§ Task details: Without including any pictures, write out the data below exactly.

§ Available data:
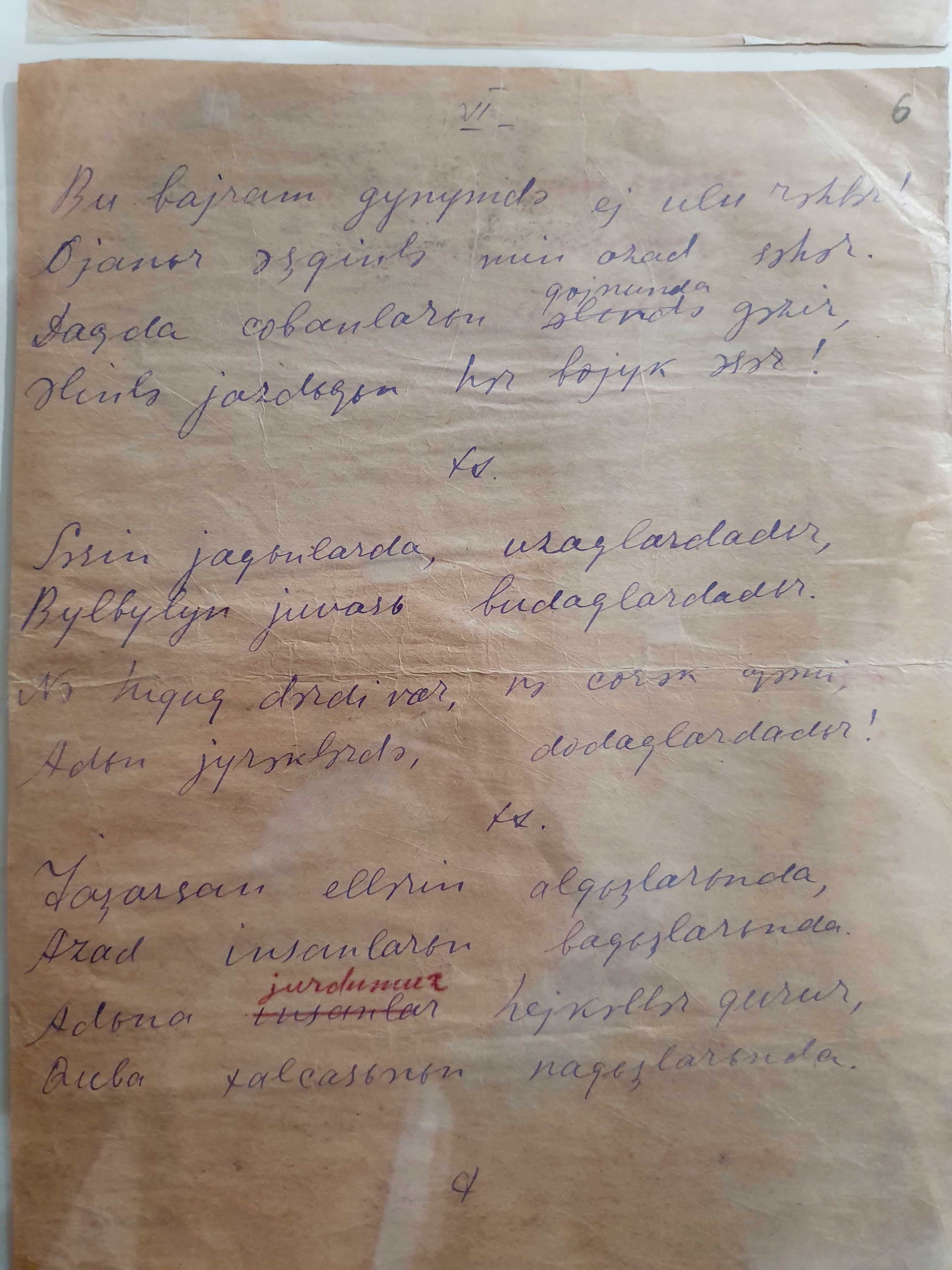 Samad Vurgun. Song of Happiness, manuscript, 1937
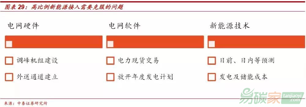 電源結(jié)構(gòu)、電力體制以及新能源技術(shù)是高比例接入必須克服的問(wèn)題。在新能源高比例接入背景下,對(duì)電網(wǎng)硬件來(lái)說(shuō),要求電網(wǎng)調(diào)峰能力足夠強(qiáng),同時(shí)具有互聯(lián)互通的通道;對(duì)電網(wǎng)軟件來(lái)說(shuō),要求可以實(shí)現(xiàn)電力現(xiàn)貨交易,以及放開(kāi)年度發(fā)電計(jì)劃;對(duì)于新能源技術(shù)來(lái)說(shuō),要求實(shí)現(xiàn)日前、日內(nèi)精準(zhǔn)發(fā)電預(yù)測(cè),同時(shí)發(fā)電和儲(chǔ)能成本較低。
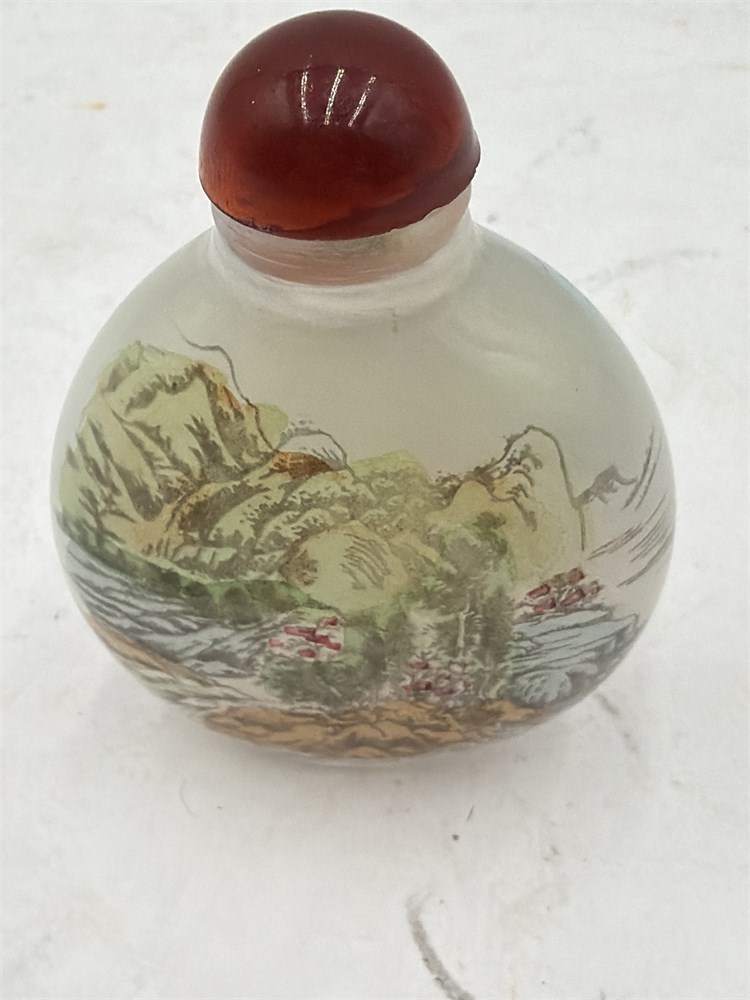 A Chinese reverse-painted glass snuff bottle with a reddish-brown stopper. The landscape scene, including mountains and water, is painted from the inside of the bottle through the small opening, a technique requiring exceptional skill. Snuff bottles were used to hold powdered tobacco and featured airtight stoppers to protect the contents from humidity. These miniature art objects were popular in imperial China and served as status symbols. 13" x 1 1/2" Good condition.
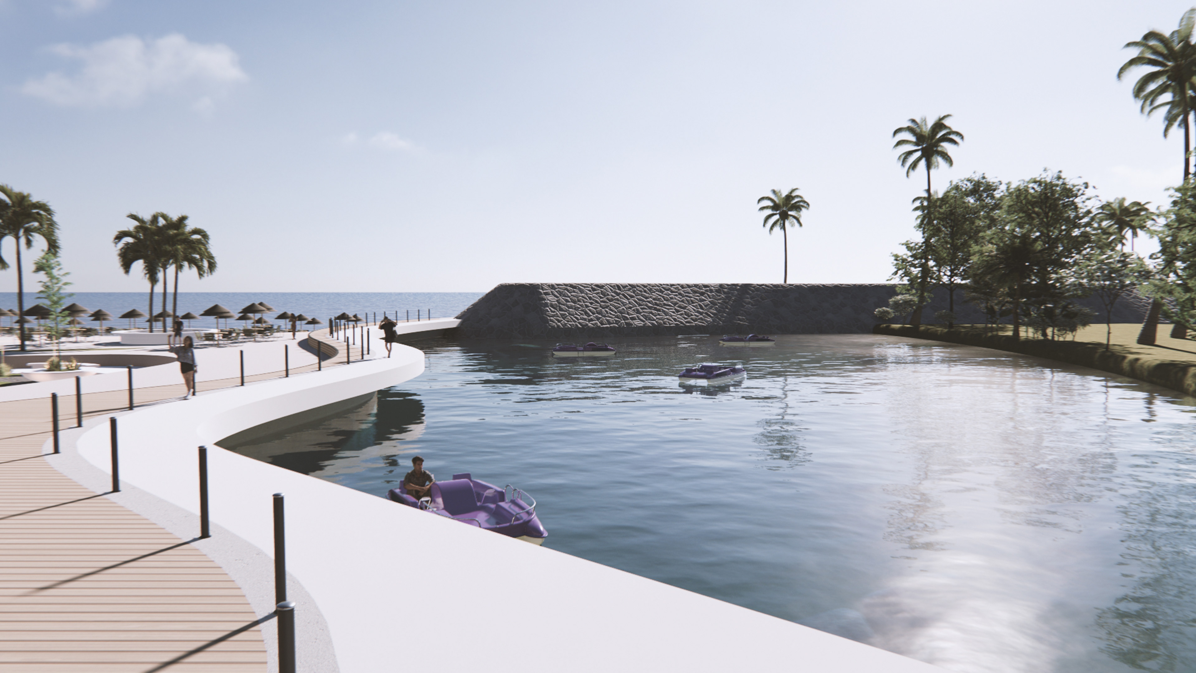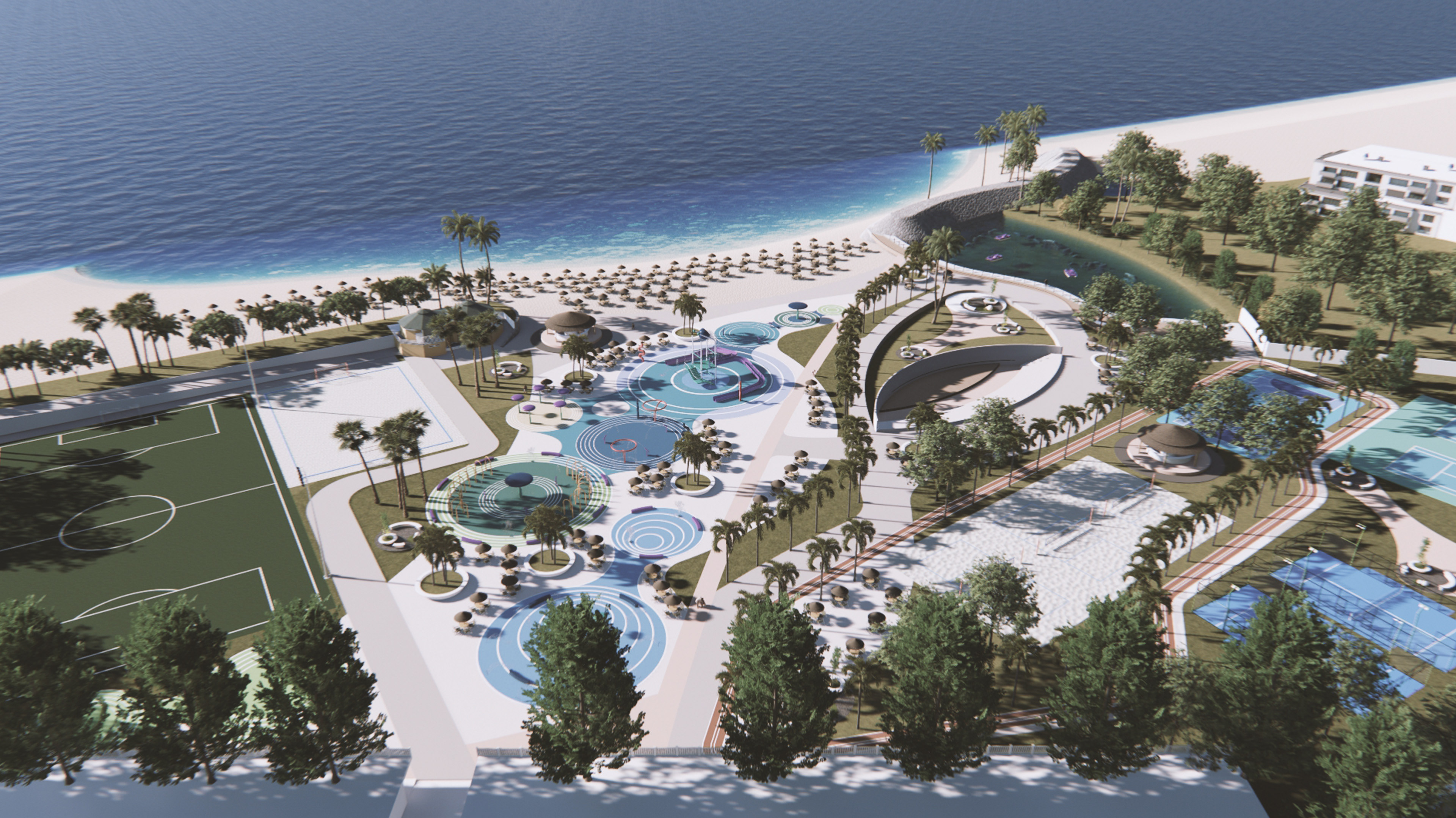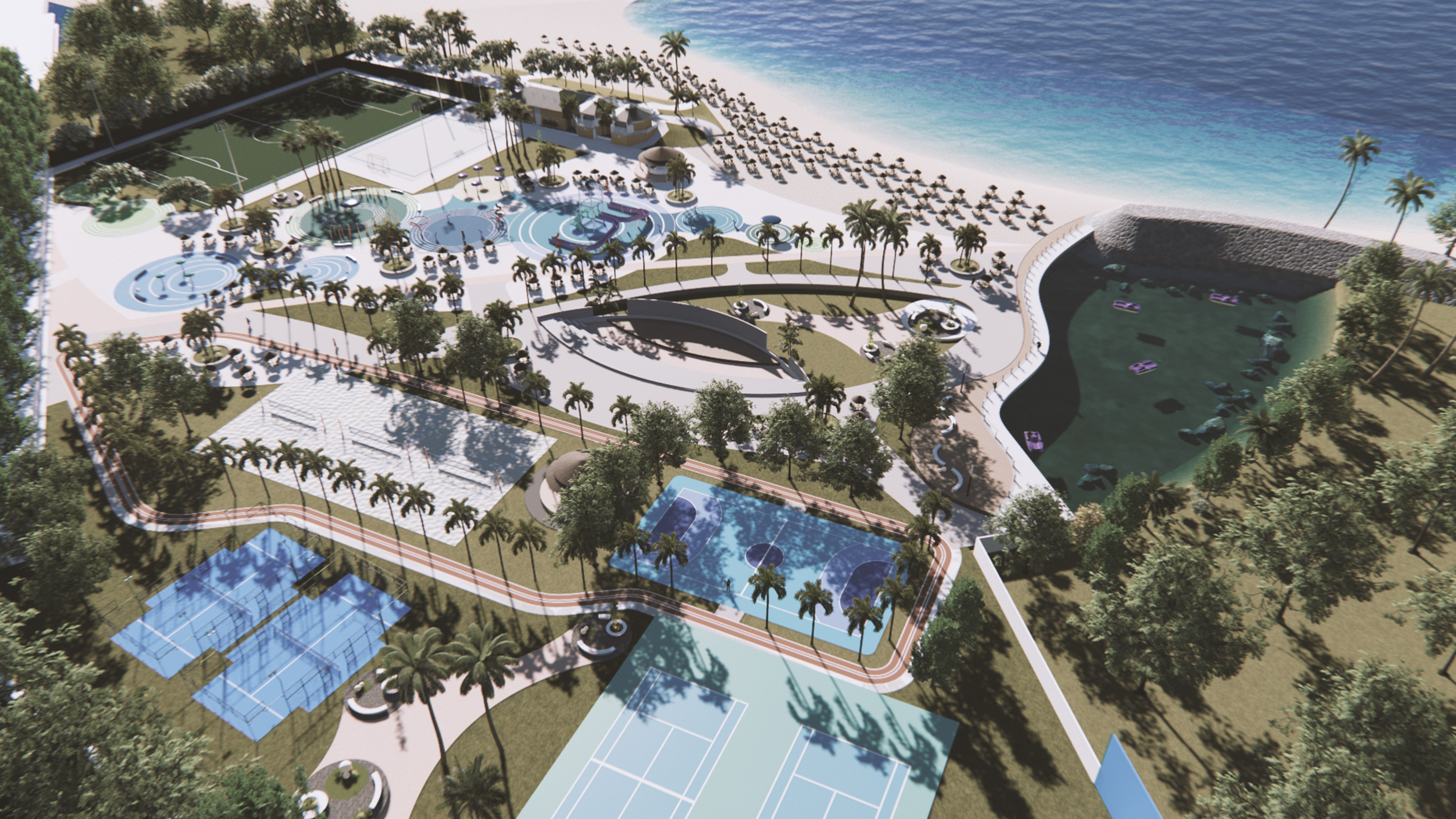 As an architectural designer, I contributed to the conceptualization and preliminary design, entire creative process and 3D visualization deliverables of a new aquatic complex at the Tanaguarena Beach Club in La Guaira, Venezuela. Working alongside ZQP Ingenieros, my role was part of a larger renovation and modernization project. The scope of the project was extensive and included a new aquatic complex and splash park, the renovation of existing sports courts for football, beach volleyball, and tennis, the integration of a new running track, playgrounds, and recreational areas to connect the club facilities with the beach, the design of an amphitheatre and a bar/juice bar called "La Churuata" to serve the club's amenities, the creation of an artificial lagoon, and the modernization of existing service areas, like storage and restrooms. My work focused on shaping the initial ideas and bringing the vision for this comprehensive aquatic and recreational park to life. In addition to the design of the complex.

§ Output below:
 Samad Vurgun. Song of Happiness, manuscript, 1937
 電源結(jié)構(gòu)、電力體制以及新能源技術(shù)是高比例接入必須克服的問(wèn)題。在新能源高比例接入背景下,對(duì)電網(wǎng)硬件來(lái)說(shuō),要求電網(wǎng)調(diào)峰能力足夠強(qiáng),同時(shí)具有互聯(lián)互通的通道;對(duì)電網(wǎng)軟件來(lái)說(shuō),要求可以實(shí)現(xiàn)電力現(xiàn)貨交易,以及放開(kāi)年度發(fā)電計(jì)劃;對(duì)于新能源技術(shù)來(lái)說(shuō),要求實(shí)現(xiàn)日前、日內(nèi)精準(zhǔn)發(fā)電預(yù)測(cè),同時(shí)發(fā)電和儲(chǔ)能成本較低。
 A Chinese reverse-painted glass snuff bottle with a reddish-brown stopper. The landscape scene, including mountains and water, is painted from the inside of the bottle through the small opening, a technique requiring exceptional skill. Snuff bottles were used to hold powdered tobacco and featured airtight stoppers to protect the contents from humidity. These miniature art objects were popular in imperial China and served as status symbols. 13" x 1 1/2" Good condition.
 As an architectural designer, I contributed to the conceptualization and preliminary design, entire creative process and 3D visualization deliverables of a new aquatic complex at the Tanaguarena Beach Club in La Guaira, Venezuela. Working alongside ZQP Ingenieros, my role was part of a larger renovation and modernization project. The scope of the project was extensive and included a new aquatic complex and splash park, the renovation of existing sports courts for football, beach volleyball, and tennis, the integration of a new running track, playgrounds, and recreational areas to connect the club facilities with the beach, the design of an amphitheatre and a bar/juice bar called "La Churuata" to serve the club's amenities, the creation of an artificial lagoon, and the modernization of existing service areas, like storage and restrooms. My work focused on shaping the initial ideas and bringing the vision for this comprehensive aquatic and recreational park to life. In addition to the design of the complex.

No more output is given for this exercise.